Il ministero dell’Interno ha però stretto delle intese con il ministero dell’Istruzione, dell’Università e della Ricerca, in base alle quali può essere esonerato dal test di italiano chi è in possesso di determinati titoli scolastici e certificazioni linguistiche. Una circolare inviata qualche giorno fa a tutti gli sportelli unici per l’immigrazione li ha ricordati tutti, dividendoli in quattro gruppi. Vediamo quali sono.
Nel primo gruppo rientrano titolari rilasciati dalle scuole:  diploma di licenza conclusiva del primo ciclo di istruzione (terza media); certificato delle competenze di base acquisite al termine della scuola dell’obbligo; attestato di qualifica di operatore professionale, diploma professionale di tecnico, diploma di istruzione tecnica, diploma di istruzione professionale.
Nel secondo gruppo ci sono le qualificazioni rilasciate a partire dall’anno scolastico 2014/2015 dai Centri provinciali di istruzione per adulti (CPIA): diploma di licenza conclusiva del primo ciclo di istruzione (terza media); certificato attestante l’acquisizione delle competenze di base connesse all’obbligo di istruzione; titolo attestante il raggiungimento di un livello di conoscenza della lingua italiana a livello A2.
Nel terzo gruppo ci sono le qualificazioni rilasciate prima dell’anno scolastico 2014/2015 dai Centri Territoriali Permanenti (CTP): diploma di licenza conclusiva del primo ciclo di istruzione (terza media); titolo attestante il raggiungimento di un livello di conoscenza della lingua italiana a livello A2.
Chi ha uno dei titoli elencati in questi tre gruppi esonerato anche dal test di educazione civica.
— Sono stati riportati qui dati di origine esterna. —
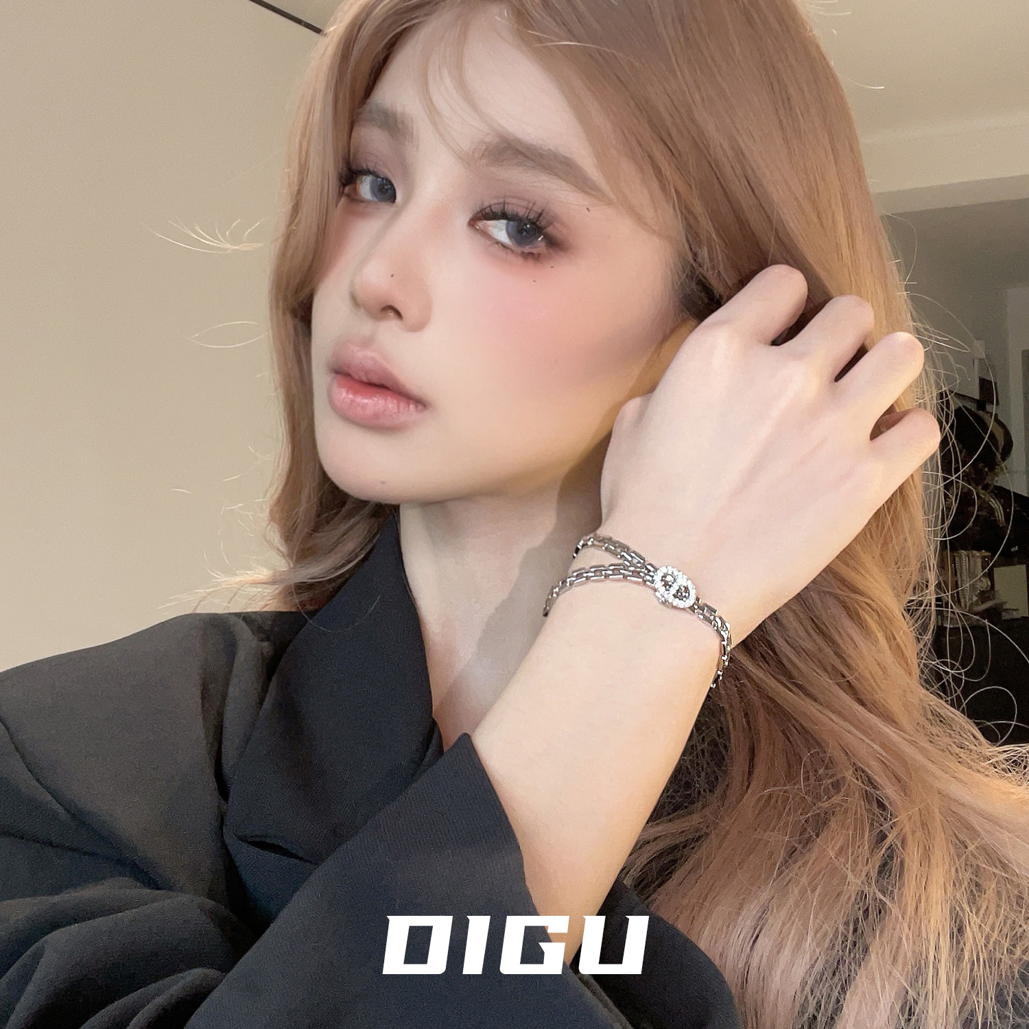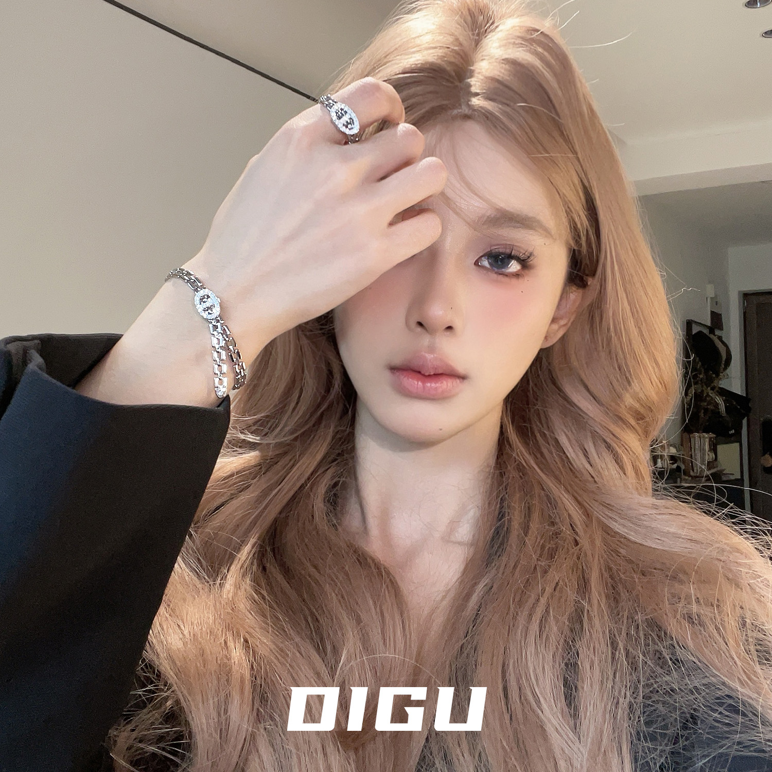 四肢纤长摆出蜘蛛姿势,手戴5个金首饰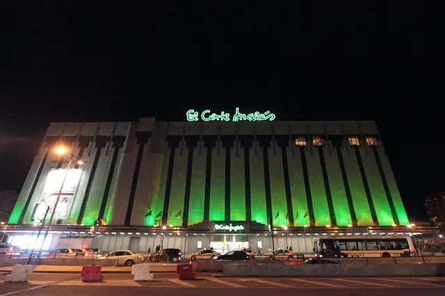 La fachada de El Corte Inglés de Valladolid se ilumina de verde para apoyar la lucha contra el cáncer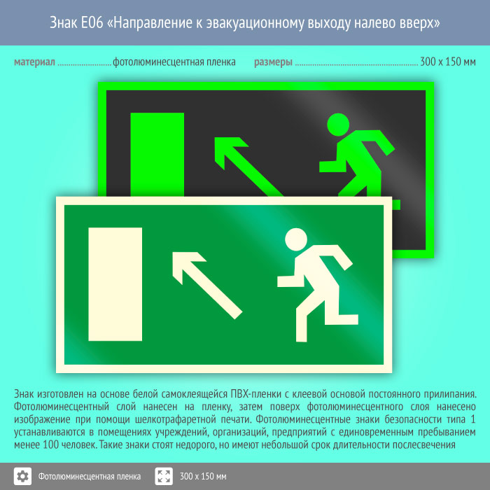 Знак E06 «Направление к эвакуационному выходу налево вверх» (фотолюминесцентная пленка, 300х150 мм) в Курске купить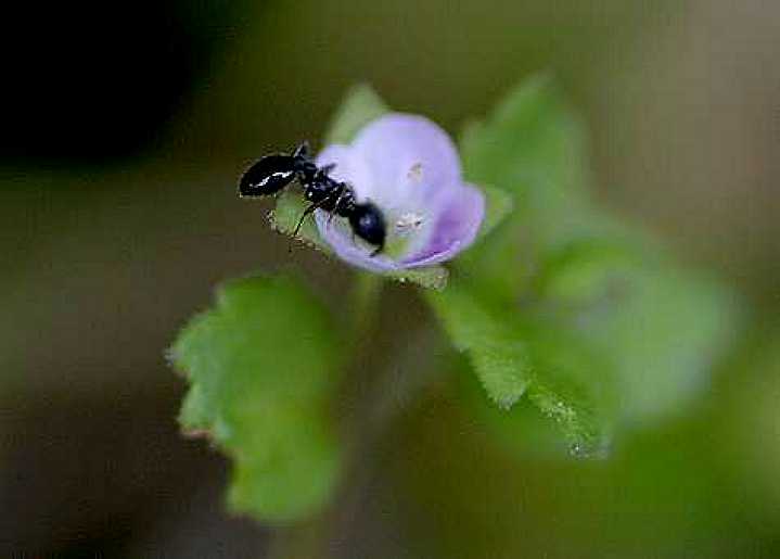 アリさんが来ています。蜜でもなめているんでしょうか。 イヌノフグリの花の大きさをアリの大きさと比べてみましょう。 ずいぶん小さい花ですね。 |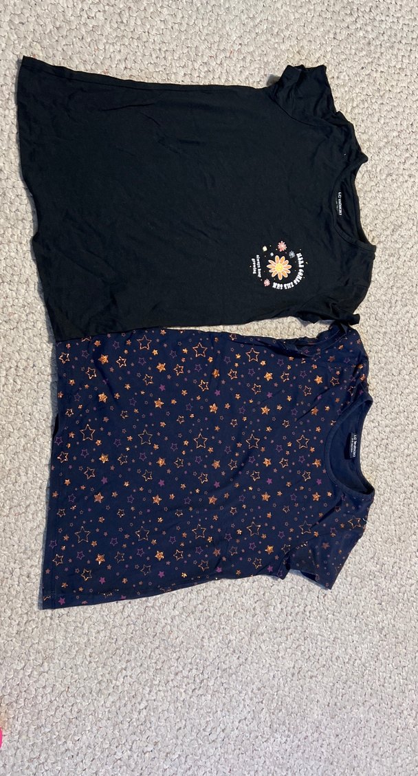 Bu set, kısa kollu ve bisiklet yaka, dar kesim iki kız çocuk tişörtü içerir. Biri küçük çiçek baskılı siyah, diğeri yıldız desenli koyu mavi. Yumuşak tekstil kumaşından.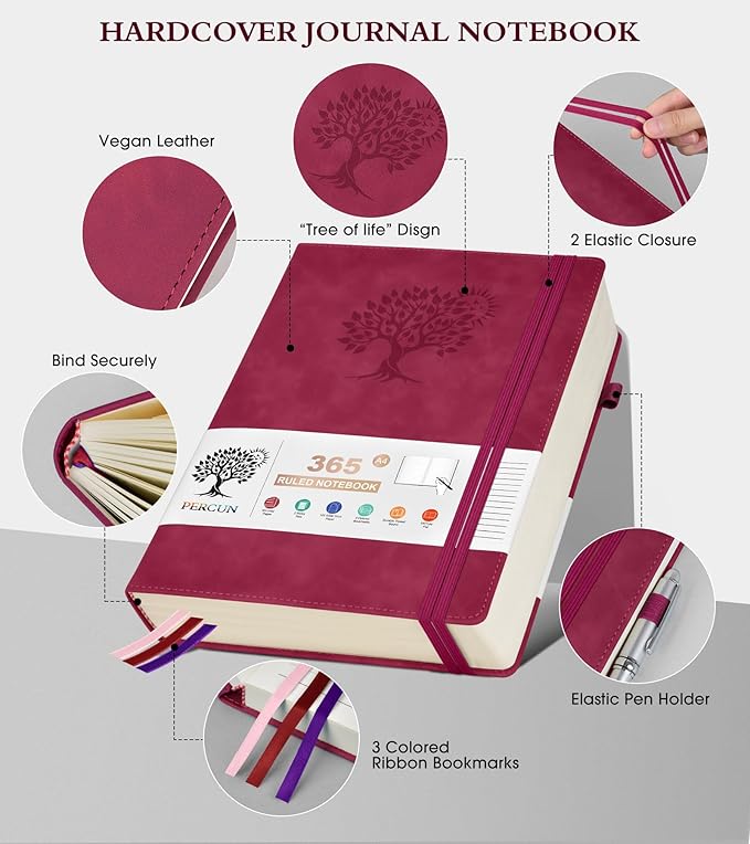 - 【180°Lay Flat for Writing】Our notebook also comes with 180°Lay Flat Journal Notebook, which makes writing a breeze. The elastic pen holder and bookmark ensure that you never lose track of your pen, and the 2 elastic closures ensure that your journal stays securely closed. The 3 colored ribbon bookmarks and 3 sticky labels provide even more ways to customize your journal to your liking.Built-in back pocket that is great for storing loose notes, cards, or other important items.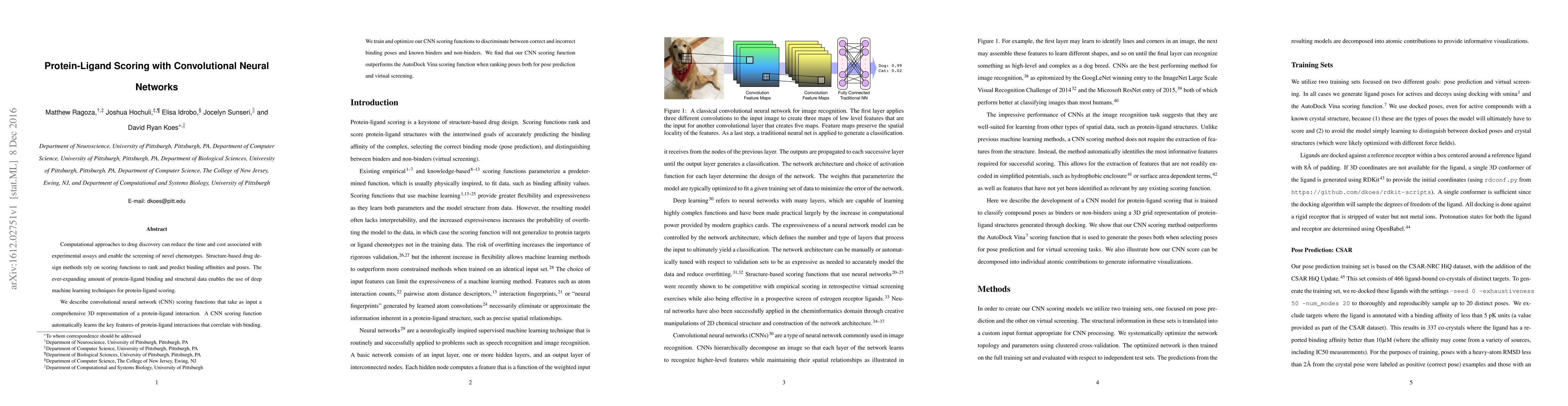 This research introduces a novel approach using CNNs for protein-ligand scoring, which outperforms traditional methods like AutoDock Vina in pose prediction and virtual screening tasks.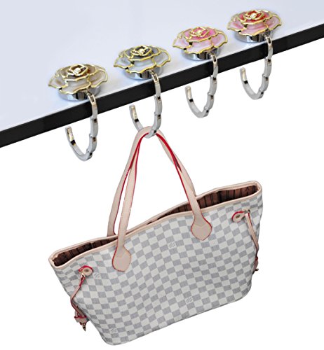 The well made purse hanger is made of metal with sturdy construction, will not slide off with a rubber backing pad, the maximum weight each hook can handle is up to 11.02lb.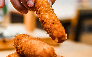 Cortamos el queso mozarella en dedos. Lo pasamos por harina, huevo, pan rallado y, de nuevo, por huevo y pan, para que quede bien crujiente.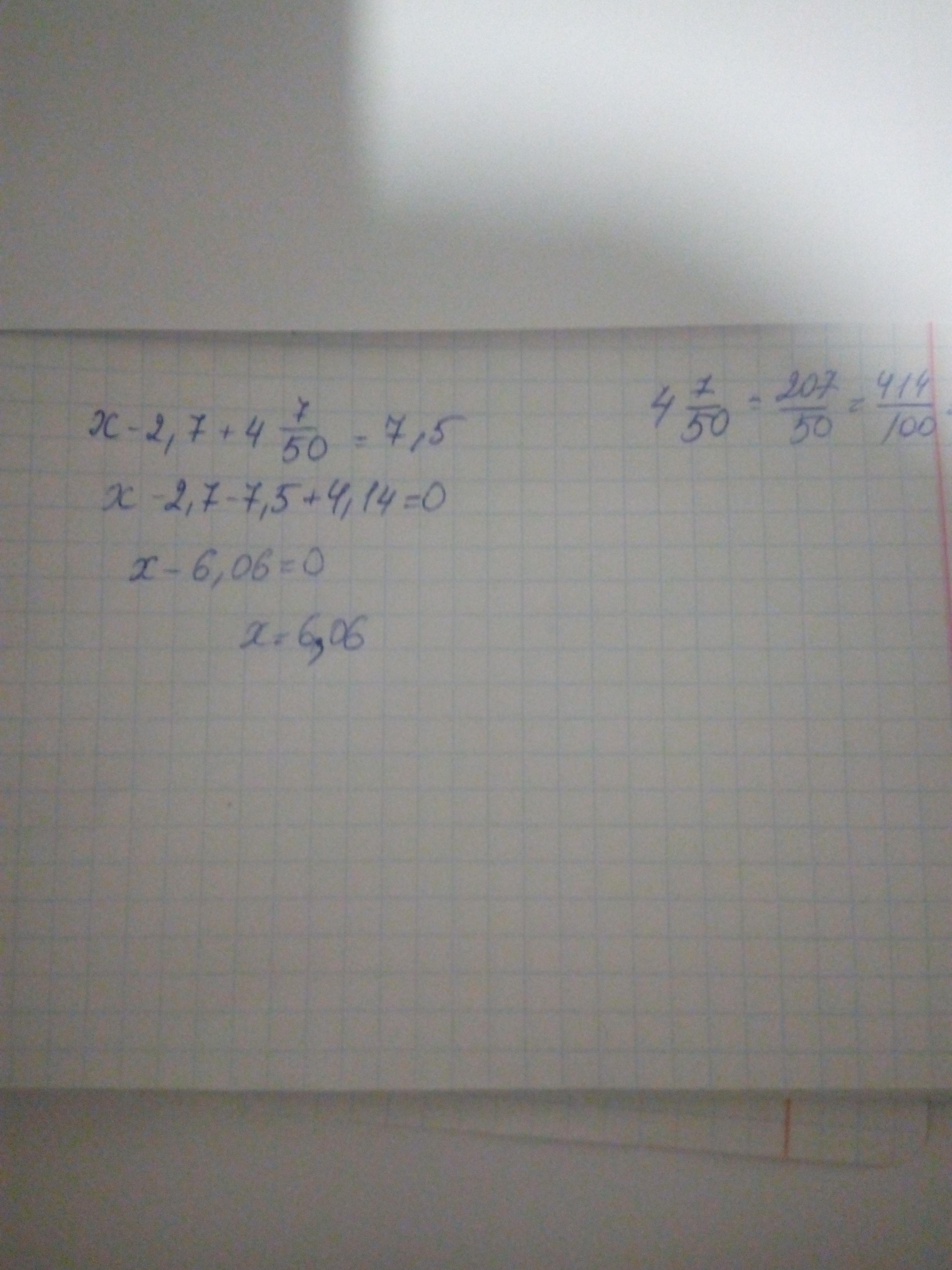 рівняння (х – 2,7) + 4 7/50=7 1/2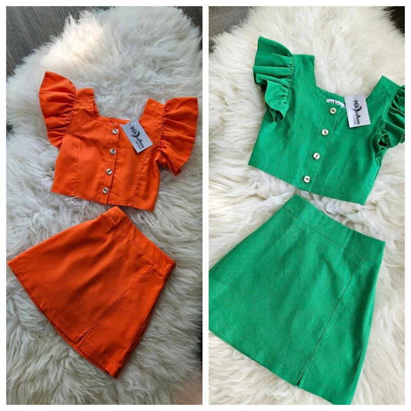 Дуже класний костюм, топ та спіднця,, натуральна тканина, легенька дуже схожа на льон Помаранчевий 134 152 158 Зелений 152 158 Виробник Украина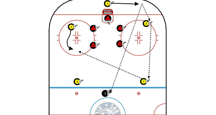 Once the players make it past the blue line, the coach can send the puck to the opposite side, from before, sending four players in the other direction.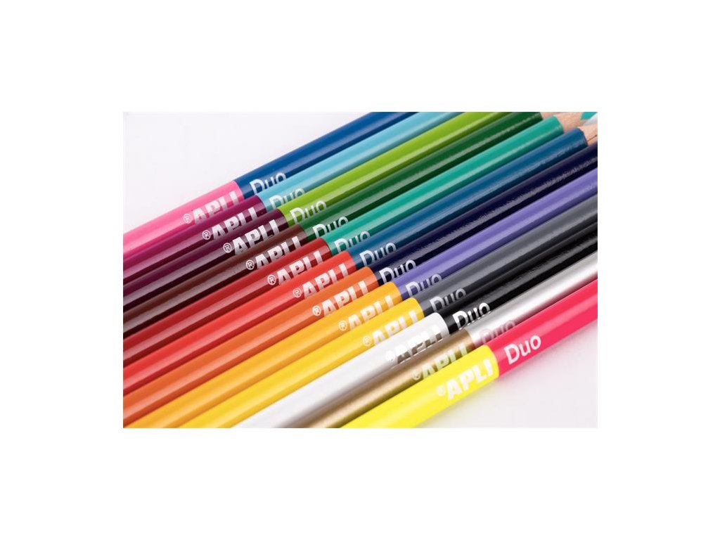 Farebné ceruzky, sada, obojstranné, trojhranné, APLI "Duo", 24 rôznych farieb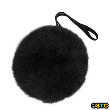 SeasonsTrading black plush bunny tail measures 3.75" in diameter.  Black elastic band attached for easy wear.  Tail's elastic band can be tied to a loop (e.g., belt loop) or attach to a belt.  One size fits all.  Cute accessory for bunny rabbit, bear, or other animal costumes!  This item is available in other colors (sold separately).  Please click here for details.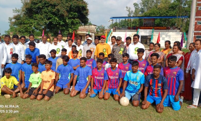 महुआडांड़ ( लातेहार)। शुक्रवार को आवासीय विद्यालय स्टेडियम में फुटबॉल टूर्नामेंट का शुभारंभ किया गया. इसका उदघाटन बतौर मुख्य अतिथि विधायक रामचंद्र सिंह ने फीता काटकर किया. इस अवसर पर विशिष्ट अतिथि के रूप में अनुमंडल पदाधिकारी बिपिन कुमार दुबे, अनुमंडल पुलिस पदाधिकारी शिवपूजन बहेलिया, प्रखंड विकास पदाधिकारी संतोष बैठा, फादर दिलीप एवं प्रदेश प्रतिनिधि इफ्तेखार अहमद सहित अन्य जनप्रतिनिधि एवं गणमान्य व्यक्ति मौजूद थे. मुख्य अतिथि विधायक रामचंद्र सिंह ने उपस्थित लोगों को संबोधित करते हुए कहा कि खेल हमारे जीवन का अभिन्न हिस्सा है. हमें खेलों में भाग लेना चाहिए. खेलों में हार जीत लगी रहती है, सबसे बड़ी बात खेलों में भाग लेना है. उन्‍होने कहा कि खेलों के माध्यम से इस क्षेत्र से दो- दो आईपीएस बने हैं. खेल से आपसी भाईचारा और सद्भावना बढ़ाती है,  युवाओं  को अनुशासन और स्वस्थ रहने की प्रेरणा देती है. कार्यक्रम का आयोजन कांग्रेस प्रखंड अध्यक्ष अभय मिंज एवं युवा प्रखंड अध्यक्ष अमीर सुहेल के संयुक्त तत्वावधान में किया जा रहा है. टूर्नामेंट के शुभारंभ मौके पर बड़ी संख्या में खेल प्रेमी और ग्रामीण उपस्थित हुए. इस दौरान विधायक एवं पदाधिकारी, मुखिया ,कांग्रेस कार्यकर्ताओं ने खिलाड़ियों से परिचय प्राप्त किया. विधायक के द्वारा फुटबॉल को किक मारकर मैच का शुरुआत किया गया. मैच का टॉस महुआडांड़ टीम ने जीता. मौके पर मुखिया प्रमिला मिंज, ऊषा खलखो, अमृता देवी, रोशनी कुजूर, सुषमा कुजूर, कमला किंडो,कांग्रेस मंडल अध्यक्ष नूरूल हसन, जमुना प्रसाद, रामनरेश ठाकुर, रानू खान, नसीम अंसारी, ग्लेडविन कुजूर, कोमल किंडो ,शहीद अख्तर, सद्दाम खान, सकील अहमद सहित सैकड़ों खेल प्रेमी और कांग्रेस कार्यकता उपस्थित थे.

Infatti, come spiega la circolare, “si ritiene che il percorso di studi abbia fornito i richiesti elementi di conoscenza”.
C’è poi un quarto gruppo in cui rientrano i certificati linguistici: il "CELI1" (Certificato di Lingua Italiana) rilasciato dall’Università per stranieri di Perugia;  il "CILS A2" (Certificato di Italiano Lingua Straniera- Livello A2) rilasciato dall’Università per Stranieri di Siena; il “PLIDA” (Programma Lingua Italiana Dante Alighieri); la "Certificazione italiano L2" rilasciata dall’Università degli Studi di Roma 3.provinciali di istruzione per adulti. Per questi ultimi due certificati si sta valutando se prevedere anche l’esonero dal test di educazione civica.
Nessun test, infine, né d’italiano né di educazione civica, per gli “studenti universitari regolarmente frequentanti”. Sono infatti in “quotidiano contato con un ambiente che per sua natura trasmette i principi di educazione civica e di cultura italiana richiesti”.